Central banks contemplate next steps
The Bank of England took the emergency step of slashing interest rates to support the economy, coordinated with a U.K. government announcement of a new 30 billion-pound ($39 billion) fiscal stimulus package.
Bank of America said Wednesday in a report the Federal Reserve, led by Chair Jerome Powell, might move as soon as next week to announce monetary-stimulus measures similar to those used in the financial crisis over a decade ago. In a matter of months in 2008, from August to December, the Fed’s balance sheet doubled in size to more than $2 trillion, and it doubled again during the next few years to over $4 trillion.
Bitcoin ‘not immune’
Digital Assets Data’s Alfred drew a contrast between breadth of official responses in traditional markets and the absence of any changes in the computer-based protocol governing the decentralized blockchain network that bitcoin runs on. The system was designed 11 years ago with hard and specific rules that stipulate the pace of issuance of new units of the cryptocurrency.

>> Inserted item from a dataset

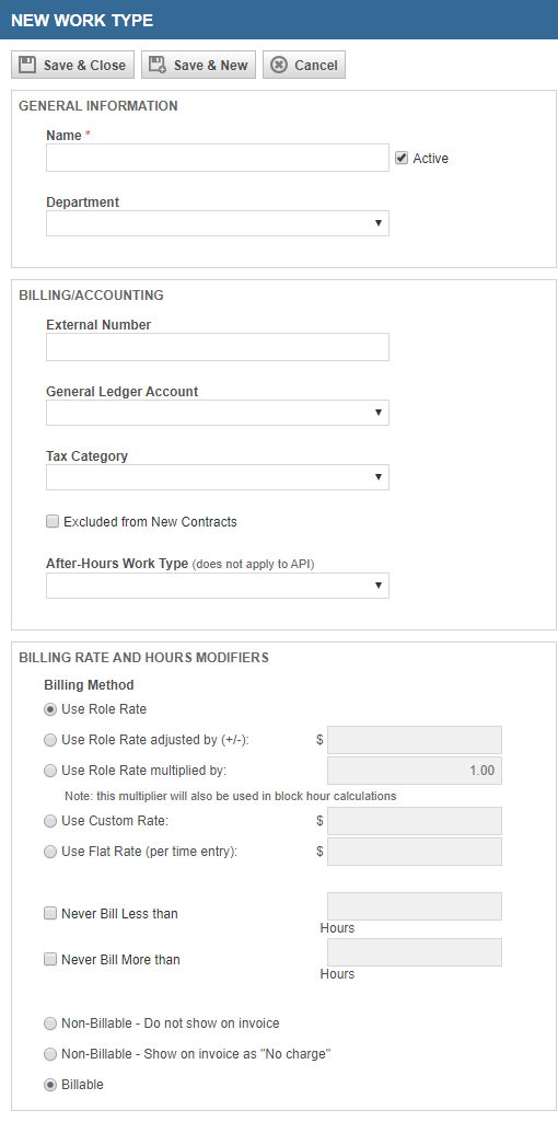 | Name (required) | Enter a unique name. TIP Best Practice: If your company uses both billable and non-billable work types of the same name, add (billable) and (non-billable) to the name to make it easier to identify the codes in the system. |

Indeed, many bitcoin investors say the digital asset’s price is likely to rise this year in conjunction with an upcoming, once-every-four-years “halving,” where the number of new bitcoins issued per new data block “mined” – roughly every 10 minutes or so – will decline by half to 6.25 from 12.5. It’s such a widely anticipated event that members of the cryptocurrency community have even created Internet-based countdown clocks to chronicle the event, now just 60 days away. That puts it on or around May 11.

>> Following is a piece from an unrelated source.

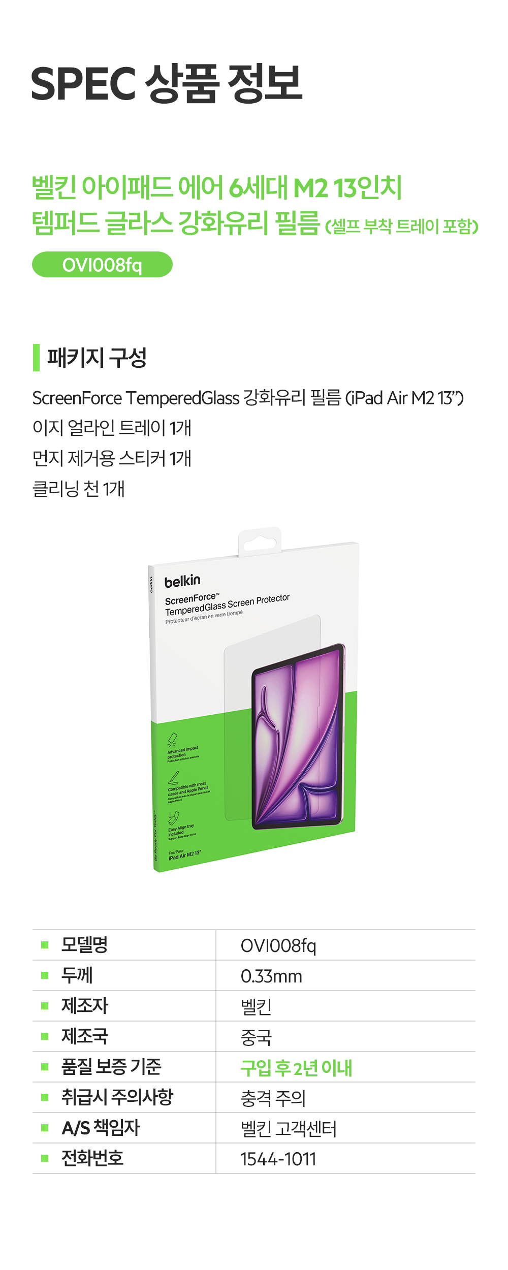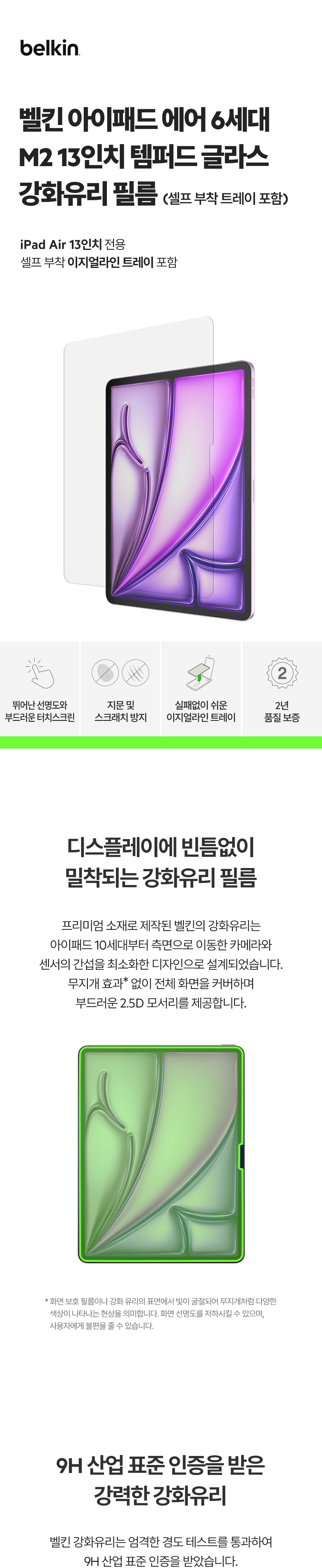 벨킨 아이패드 에어 M2 13인치 강화유리 필름 OVI008

“You would expect that to be a positive for bitcoin,” said Mark Warner, head of trading for London-based BCB Group, a financial firm focused on digital assets.
Yet, in the current environment, there appears to be a rush by investors everywhere to avoid further losses, and bitcoin “is not immune,” Warner said. While he had expected recently that bitcoin’s price would find support around the $8,000 level, the market “blew through that.” He now sees potential support at $7,000, though he wouldn’t rule out a decline to $6,500.
“Looking at what the coronavirus is doing, as well as what oil prices have done, there’s just chaos all over and people are derisking,” Warner said.
Greg Cipolaro, co-founder of the cryptocurrency-focused Digital Asset Research, told CoinDesk he has started keeping his own spreadsheet to track newly reported coronavirus cases. He’s watching for the moment when the number of new cases reported over the past seven days starts to fall below the number reported for the prior week.
“I think it’s topical,” Cipolaro wrote in an email. “My personal opinion is that markets won’t settle down until we slow the coronavirus growth rate, like China and Korean have done. Fears are running rampant, and exponential growth models are being forecasted out ad infinitum.”
Mati Greenspan, founder of the research firm Quantum Economics, which analyzes cryptocurrencies and foreign exchange, wrote in an email to clients that it’s not unreasonable to expect bitcoin to trade in synch with stocks for the foreseeable future.
“This might come later on, once we understand more about the economic impact and how long it might take to see some sort of recovery,” Greenspan said.